Kansas City, Spring 1933
Matthew Orr had learned that government buildings all smelled the same—floor wax, damp wool, and paper handled by too many hands. The new Jackson County Courthouse at 415 E. 12th Street was no exception, though everything about it felt larger and less forgiving than the modest offices he was used to.
The building was unfinished. Scaffolding clung to its sides, and the noise of construction bled into the hallways. Outside, trucks rolled past in steady succession, beds heavy with ready-mixed concrete. Men moved across the site in work caps and overalls, jobs secured by favors, wages spent quickly.
Orr paused in the corridor, hat in hand. He hadn’t come to admire the place. He had come to make a case.
“Mr. Orr?” a voice called.
Orr turned.
Harry Truman stood a few steps away, spectacles low on his nose, fedora tipped back just enough to suggest impatience rather than carelessness.
“Yes—Judge Truman,” Orr said, his Irish lilt soft but unmistakable, traces of Northern Ireland still clinging to his vowels despite years in Kansas City. “I’m only requesting a minute of your time.”
Truman tilted his head before the smile arrived. “I’d know that voice anywhere.”
Orr blinked.
“I forget birthdays and where I leave my hat,” Truman said. “But I don’t forget the folks who publish newspapers in my district.”
He tapped Orr’s breast pocket, where the folded Northeast News showed through. “Walk. I’ve got five minutes.”
They moved down the corridor past an open room where blueprints lay spread across a table. On the wall nearby hung a campaign calendar, fresh for the year, its familiar face of smiling down over courthouse dust. Orr had one in his office too. Most businesses in Kansas City did, as Tom Pendergast made sure they were widely distributed.
Neither man looked at it.
“How’s the neighborhood paper business?” Truman asked.

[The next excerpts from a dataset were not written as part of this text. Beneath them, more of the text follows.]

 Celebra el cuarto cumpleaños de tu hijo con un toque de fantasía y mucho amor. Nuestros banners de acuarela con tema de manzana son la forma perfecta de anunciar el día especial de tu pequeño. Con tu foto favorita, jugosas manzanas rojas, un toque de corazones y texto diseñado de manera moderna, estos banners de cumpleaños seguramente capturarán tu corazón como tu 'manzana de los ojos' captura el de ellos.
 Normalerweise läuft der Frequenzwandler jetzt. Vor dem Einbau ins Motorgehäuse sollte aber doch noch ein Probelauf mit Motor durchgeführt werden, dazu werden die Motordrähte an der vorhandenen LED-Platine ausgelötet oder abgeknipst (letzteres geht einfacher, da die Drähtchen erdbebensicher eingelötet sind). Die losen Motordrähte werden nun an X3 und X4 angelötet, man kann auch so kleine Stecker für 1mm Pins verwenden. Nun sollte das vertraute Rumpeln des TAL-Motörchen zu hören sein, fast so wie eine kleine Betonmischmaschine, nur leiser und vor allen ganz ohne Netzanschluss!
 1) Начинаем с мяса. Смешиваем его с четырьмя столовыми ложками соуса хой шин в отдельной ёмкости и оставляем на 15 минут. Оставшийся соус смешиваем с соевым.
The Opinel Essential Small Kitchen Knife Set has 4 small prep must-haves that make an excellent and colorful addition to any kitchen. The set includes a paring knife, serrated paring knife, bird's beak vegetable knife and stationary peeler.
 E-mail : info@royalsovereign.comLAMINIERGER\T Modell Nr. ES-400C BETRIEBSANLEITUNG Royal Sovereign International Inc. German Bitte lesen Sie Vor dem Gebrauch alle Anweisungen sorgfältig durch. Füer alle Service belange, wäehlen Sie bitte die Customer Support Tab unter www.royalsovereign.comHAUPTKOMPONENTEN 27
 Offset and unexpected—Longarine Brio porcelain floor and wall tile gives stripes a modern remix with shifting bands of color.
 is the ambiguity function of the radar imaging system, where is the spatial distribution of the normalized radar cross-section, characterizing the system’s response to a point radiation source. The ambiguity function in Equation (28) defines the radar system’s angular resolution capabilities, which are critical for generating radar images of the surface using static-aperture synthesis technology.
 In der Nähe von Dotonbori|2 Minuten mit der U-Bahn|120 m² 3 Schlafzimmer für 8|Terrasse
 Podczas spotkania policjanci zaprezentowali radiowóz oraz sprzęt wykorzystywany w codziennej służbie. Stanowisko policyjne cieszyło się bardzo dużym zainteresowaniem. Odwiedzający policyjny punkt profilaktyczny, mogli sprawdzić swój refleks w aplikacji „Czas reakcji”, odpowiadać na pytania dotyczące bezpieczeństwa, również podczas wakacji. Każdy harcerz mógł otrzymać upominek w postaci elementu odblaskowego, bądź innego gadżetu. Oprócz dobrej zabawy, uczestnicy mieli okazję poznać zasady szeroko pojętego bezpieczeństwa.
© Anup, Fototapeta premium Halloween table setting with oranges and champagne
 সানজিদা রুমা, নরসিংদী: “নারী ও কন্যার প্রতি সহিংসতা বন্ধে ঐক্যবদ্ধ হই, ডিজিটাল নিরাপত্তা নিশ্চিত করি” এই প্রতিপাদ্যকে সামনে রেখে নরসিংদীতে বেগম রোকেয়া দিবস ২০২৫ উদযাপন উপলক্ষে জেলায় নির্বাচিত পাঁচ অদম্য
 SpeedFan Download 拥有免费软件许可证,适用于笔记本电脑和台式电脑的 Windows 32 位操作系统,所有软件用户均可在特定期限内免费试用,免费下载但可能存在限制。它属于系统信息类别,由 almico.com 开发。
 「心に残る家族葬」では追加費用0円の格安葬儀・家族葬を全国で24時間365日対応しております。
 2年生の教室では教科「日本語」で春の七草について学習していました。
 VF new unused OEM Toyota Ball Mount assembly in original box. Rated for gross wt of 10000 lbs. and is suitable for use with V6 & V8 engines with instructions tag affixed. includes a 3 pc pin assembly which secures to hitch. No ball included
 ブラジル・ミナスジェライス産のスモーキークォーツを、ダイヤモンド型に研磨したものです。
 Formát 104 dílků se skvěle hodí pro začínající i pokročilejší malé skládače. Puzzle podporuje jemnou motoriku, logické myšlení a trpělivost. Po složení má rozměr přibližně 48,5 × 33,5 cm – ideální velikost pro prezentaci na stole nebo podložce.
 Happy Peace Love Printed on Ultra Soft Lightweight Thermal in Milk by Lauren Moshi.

“Collecting more debts than dimes, Judge.”
“Good. I know the neighborhood. I also know who pretends to run it—and who actually does.”
Orr felt the tightening in his shoulders.
“I’m here about the public notices,” he said. “The Ten Year Plan. Roads. Utilities. Construction.”
Truman stopped walking.
“You’re looking for a seat at the table, then.”
“Yes.”
“The Big Three won’t like you poaching their dinner.”
“They don’t reach as many people in the daily papers. Folks in Northeast read about their blocks, their churches, and their schools in mine. If you want these projects understood, that’s where they belong.”
Truman studied him.
“You sell ads.”
“Yes.”
“You take political ads.”
“Yes.”
“And you expect me to believe county notices won’t turn into sales copy with a halo.”
“They’d run as printed. Same type. Same space. No commentary.”
Truman nodded. “Good. I won’t have this courthouse sold like snake oil. We’re building roads, Orr. Not salvation.”
They stepped into a small office. Truman removed his hat and hung it carefully.
“You know what this costs?” he asked.
“Millions.”
“Four million dollars. Enough to make every ambitious man in Jackson County start calculating.”
He gestured toward the window.
“See those trucks? Same company on every one. That’s politics. But every load gets tested. If it’s short, it goes back. If it’s weak, it goes back.”
He paused.
“I don’t care whose cousin signed the invoice.”
Orr said nothing.
Outside, another truck rattled across the yard.
“I want your paper to work the same way,” Truman said. “No padding. No favors dressed up as civic virtue.”
“You have my word.”
Truman smiled thinly. “That’s what worries me. Men with nothing but their word tend to use it often.”
He opened a file.
“I’ll authorize a trial. A few local notices. If they come out crooked, we’re finished—and I’ll pretend I never recognized you in the hallway.”
“Thank you.”
“One more thing,” Truman said. “If someone leans on you—hard or friendly—to print something you know isn’t square, you come tell me.”
Orr thought of handshakes that lingered too long. Expectations that arrived smiling.
“I will.”
Truman closed the file. “Good. Now get out before someone thinks I enjoy talking to newspapermen.”
Back in the hallway, the courthouse rose under the weight of politics and promises alike.
By Thursday, Orr would have notices to print—small, dry blocks of type.
But he understood now what they carried.
Responsibility, measured carefully.
Tested, load by load.
Just like the concrete.
Looking ahead: Reading Betsy Cochran’s weekly chronicles of her grandmother, Nadine, inspired me to explore historical fiction centered on Matthew Orr and what life may have been like for an Irish immigrant starting a small business in Northeast Kansas City during Prohibition and the Great Depression.
In doing so, he built something that has endured for nearly a century. While the world, our community, and the ways we access information and connect with one another have changed dramatically, we still share many common threads with those who walked the streets of Northeast decades ago.
This summer, we plan to delve into the life of Matthew Orr—even if through the lens of historical fiction—while continuing to watch the Northeast News grow and reflect the community it has served in various ways for the past hundred years.